*** Provided material ***

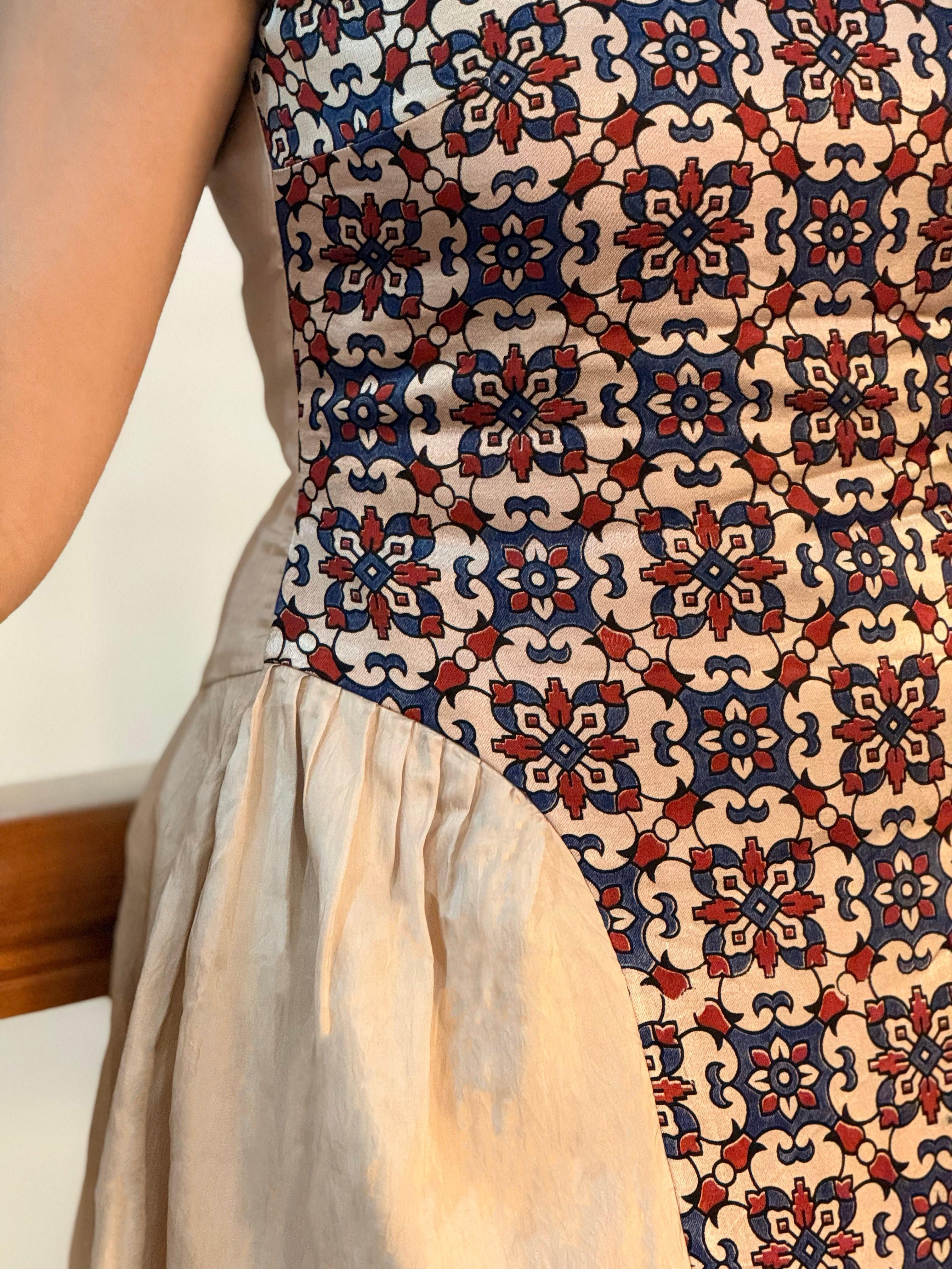 Craft: Ajrakh motifs hand-transferred on silk, paired with solid silk panels
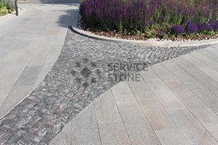 2018 год. Фото пиленой брусчатки "Гранатовый Амфиболит", размер 200х50х50, Парк "Тюфелева роща", ЖК "Зиларт", г. Москва.![]() |
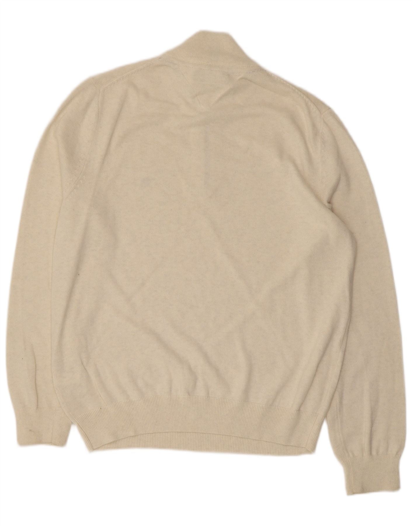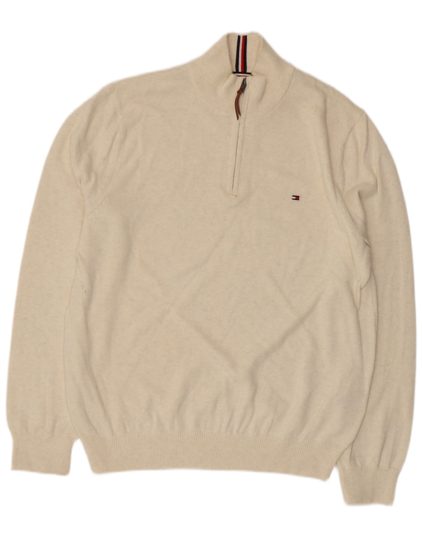 Suéter masculino TOMMY HILFIGER com zíper e gola grande de algodão branco
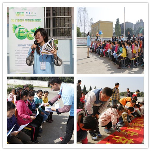 受GEF项目委托,安徽师范大学环境与健康协会两任会长以及蒲公英环保学校宣教成员携手经致传媒,赴池州市升金湖国家级自然保护区,针对周边校园及社区开展了湿地保护宣教活动。升金湖国家级自然保护区为永久性淡水湖泊湿地,位于池州东至县境内,是水禽赖以生存的天然场所、中国主要的鹤类越冬地之一、是世界上种群数量最多的白头鹤天然越冬地,也是安徽省首个荣获国际级称号的自然保护区,因此升金湖亦有“中国鹤湖”之称。升金湖自然保护区的主要保护对象为湿地生态环境及越冬水禽。在升金湖畔的东至县大渡口新丰圩小学,环协的宣教成员们利用专业所学,通过宣讲、问答、游戏等生动形象的方式,让该校的学生轻松地了解到了保护湿地、爱鸟护鸟的有关知识,受到了当地师生的欢迎,反响十分热烈。该活动受到了当地师生的热烈欢迎,《大江晚报》对该活动也进行了详细报道。该宣教项目是中国全球环境基金项目(GEF)第五期的子项目,也是迄今我省湿地保护方面最大的国际合作项目。
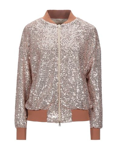plain weave, sequins, solid color, crew neck, single-breasted , long sleeves, fully lined, zipper closure, multipockets, bomber jacket , Color: Light brown , Size: 8
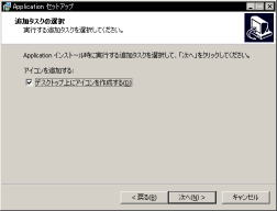 | 6. | 「追加タスクの選択」ダイアログが表示されたら、「デスクトップ上にアイコンを作成する」ボックスにチェックを入れてから「次へ」ボタンを押してください。
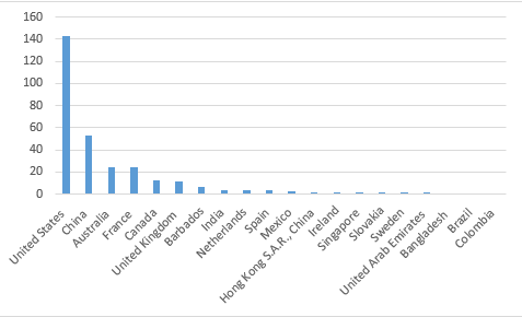 图5 全球各国WELL认证数量统计

*** End of Provided material ***

*Action item*.
Look above for the line with "Suéter masculino TOMMY" and the line with "受GEF项目委托,安徽师范大", then restate exactly those two lines and all lines between them, with no pictures.

*Your solution*.
 Suéter masculino TOMMY HILFIGER com zíper e gola grande de algodão branco
 受GEF项目委托,安徽师范大学环境与健康协会两任会长以及蒲公英环保学校宣教成员携手经致传媒,赴池州市升金湖国家级自然保护区,针对周边校园及社区开展了湿地保护宣教活动。升金湖国家级自然保护区为永久性淡水湖泊湿地,位于池州东至县境内,是水禽赖以生存的天然场所、中国主要的鹤类越冬地之一、是世界上种群数量最多的白头鹤天然越冬地,也是安徽省首个荣获国际级称号的自然保护区,因此升金湖亦有“中国鹤湖”之称。升金湖自然保护区的主要保护对象为湿地生态环境及越冬水禽。在升金湖畔的东至县大渡口新丰圩小学,环协的宣教成员们利用专业所学,通过宣讲、问答、游戏等生动形象的方式,让该校的学生轻松地了解到了保护湿地、爱鸟护鸟的有关知识,受到了当地师生的欢迎,反响十分热烈。该活动受到了当地师生的热烈欢迎,《大江晚报》对该活动也进行了详细报道。该宣教项目是中国全球环境基金项目(GEF)第五期的子项目,也是迄今我省湿地保护方面最大的国际合作项目。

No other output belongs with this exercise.